* WHAT THIS TASK INVOLVES:
Omit the images and return the remaining entries unchanged.
=== INFORMATION SHOWN ===
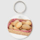 Pães brancos e castanhos frescos num cesto de wicker revestido com gingham
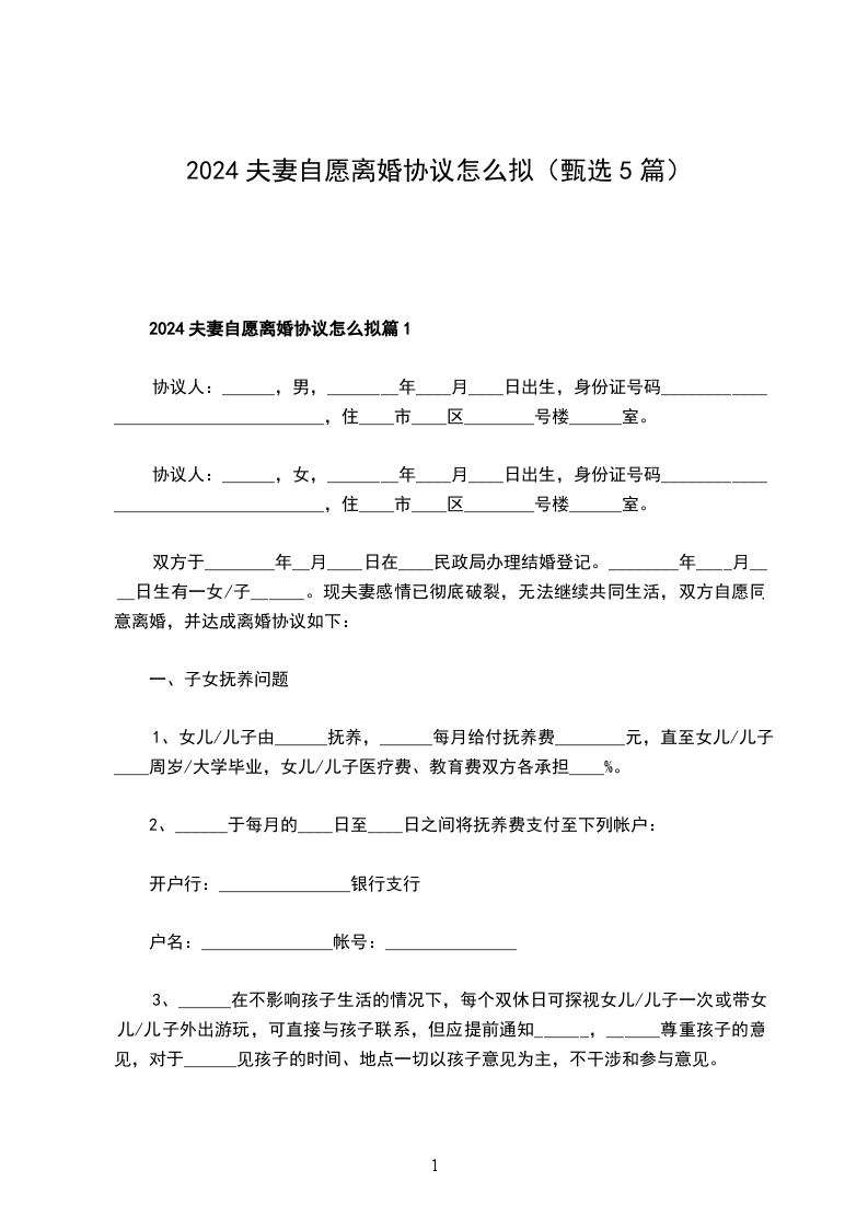 关于夫妻协议离婚范本怎么拟篇1
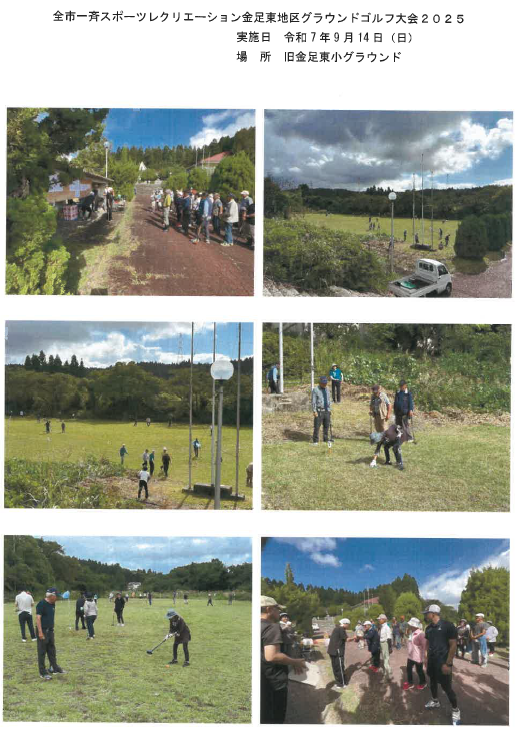 9月29日(月) 2025.09.29 9月14日、金足東地区体育協会主催「金足東地区グラウンド・ゴルフ2025大会」を旧金足東小学校グラウンドにて開催しました。大会直前まで雨模様の天気ではありましたが、開会式以降は良い大会となりました。気温もそれほど高くはなかったものの、適宜休憩と水分補給を促したほか、コロナ対応として、任意でマスクの着用、手指の消毒を促しました。
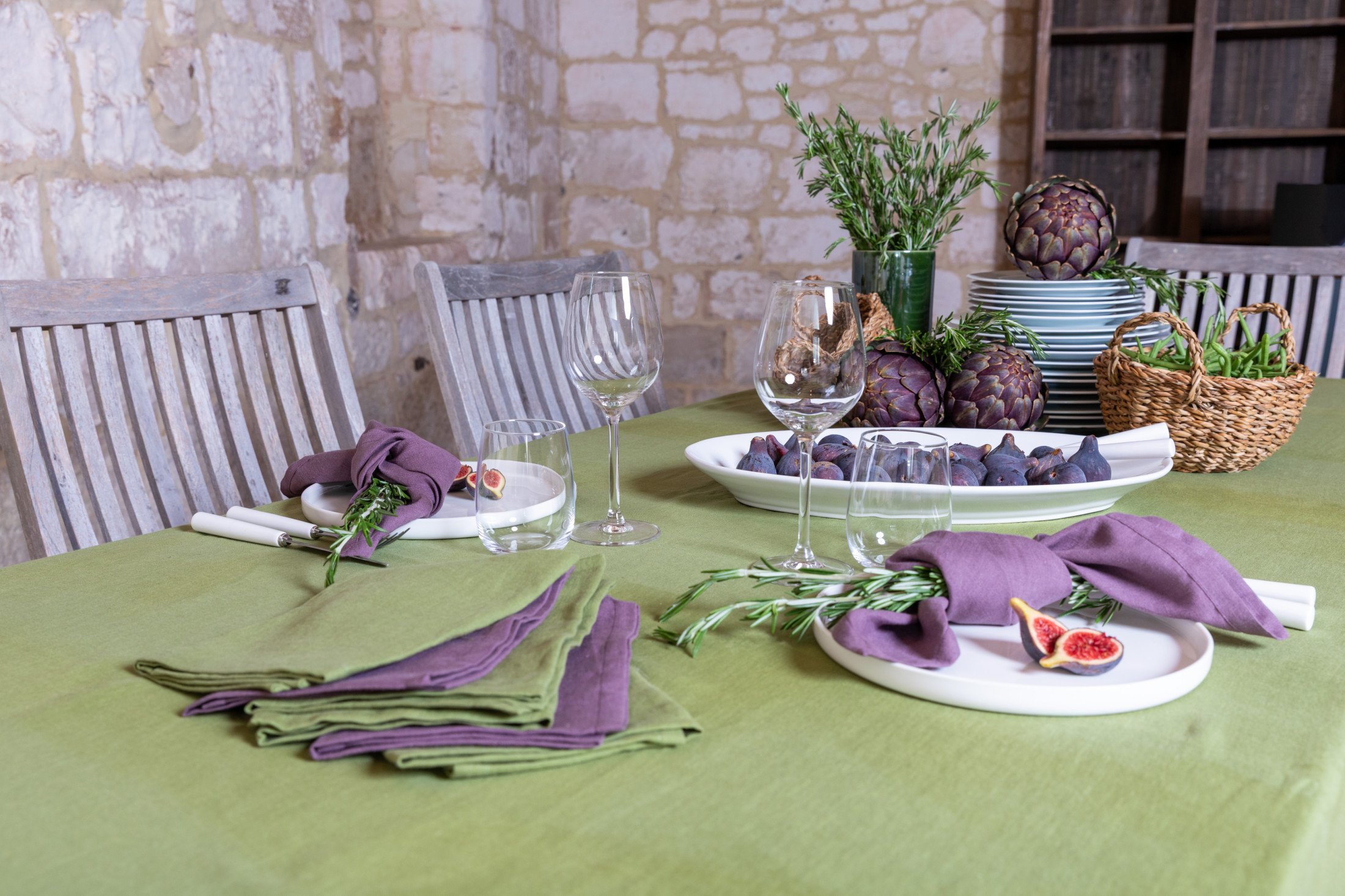 Leur teinte, subtilement nuancée entre le vert tendre et les reflets dorés de l’olive mûrie, invite à la convivialité et à la simplicité des grandes tablées partagées. C’est une couleur à la fois naturelle et profonde, qui raconte la terre, la lumière et le temps qui passe avec élégance.
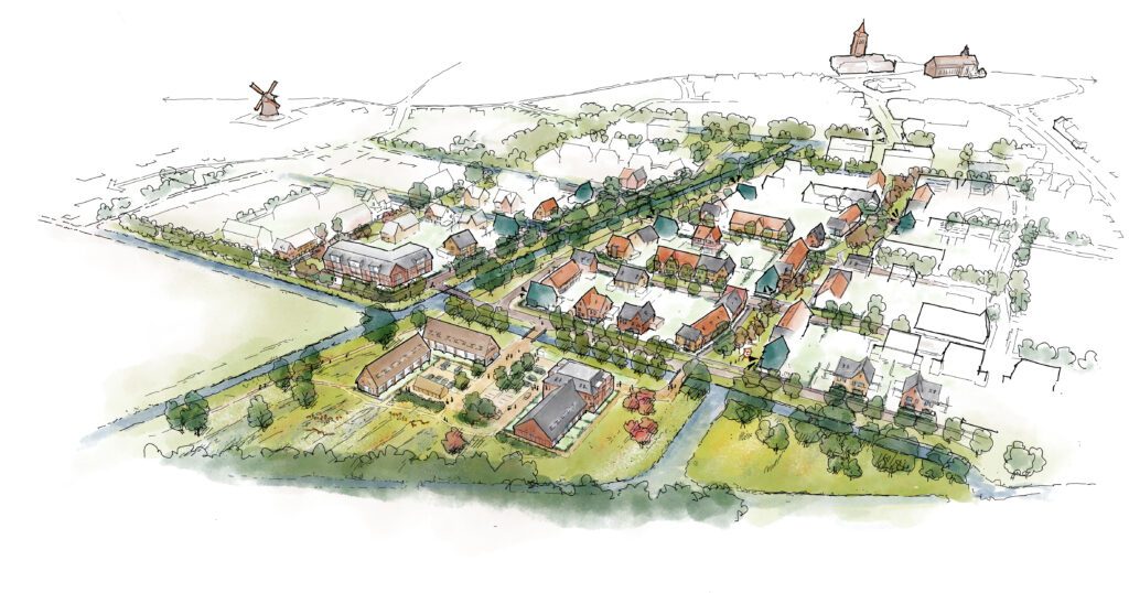 Wat Winss’n Park onderscheidt van andere uitbreidingswijken, is de sterke landschappelijke en dorpse identiteit die in elk aspect van de ontwikkeling doorklinkt. Vanaf de eerste contouren van het stedenbouwkundig plan is gekozen voor een integrale benadering waarin landschap, water, architectuur en sociale interactie samen een robuuste en aantrekkelijke woonomgeving vormen. Het project is dan ook niet alleen een antwoord op de woningvraag, maar een voorbeeld van hoe ruimtelijke kwaliteit en duurzaamheid hand in hand kunnen gaan in een dorpscontext.
===
* EXERCISE SOLUTION:
 Pães brancos e castanhos frescos num cesto de wicker revestido com gingham
 关于夫妻协议离婚范本怎么拟篇1
 9月29日(月) 2025.09.29 9月14日、金足東地区体育協会主催「金足東地区グラウンド・ゴルフ2025大会」を旧金足東小学校グラウンドにて開催しました。大会直前まで雨模様の天気ではありましたが、開会式以降は良い大会となりました。気温もそれほど高くはなかったものの、適宜休憩と水分補給を促したほか、コロナ対応として、任意でマスクの着用、手指の消毒を促しました。
 Leur teinte, subtilement nuancée entre le vert tendre et les reflets dorés de l’olive mûrie, invite à la convivialité et à la simplicité des grandes tablées partagées. C’est une couleur à la fois naturelle et profonde, qui raconte la terre, la lumière et le temps qui passe avec élégance.
 Wat Winss’n Park onderscheidt van andere uitbreidingswijken, is de sterke landschappelijke en dorpse identiteit die in elk aspect van de ontwikkeling doorklinkt. Vanaf de eerste contouren van het stedenbouwkundig plan is gekozen voor een integrale benadering waarin landschap, water, architectuur en sociale interactie samen een robuuste en aantrekkelijke woonomgeving vormen. Het project is dan ook niet alleen een antwoord op de woningvraag, maar een voorbeeld van hoe ruimtelijke kwaliteit en duurzaamheid hand in hand kunnen gaan in een dorpscontext.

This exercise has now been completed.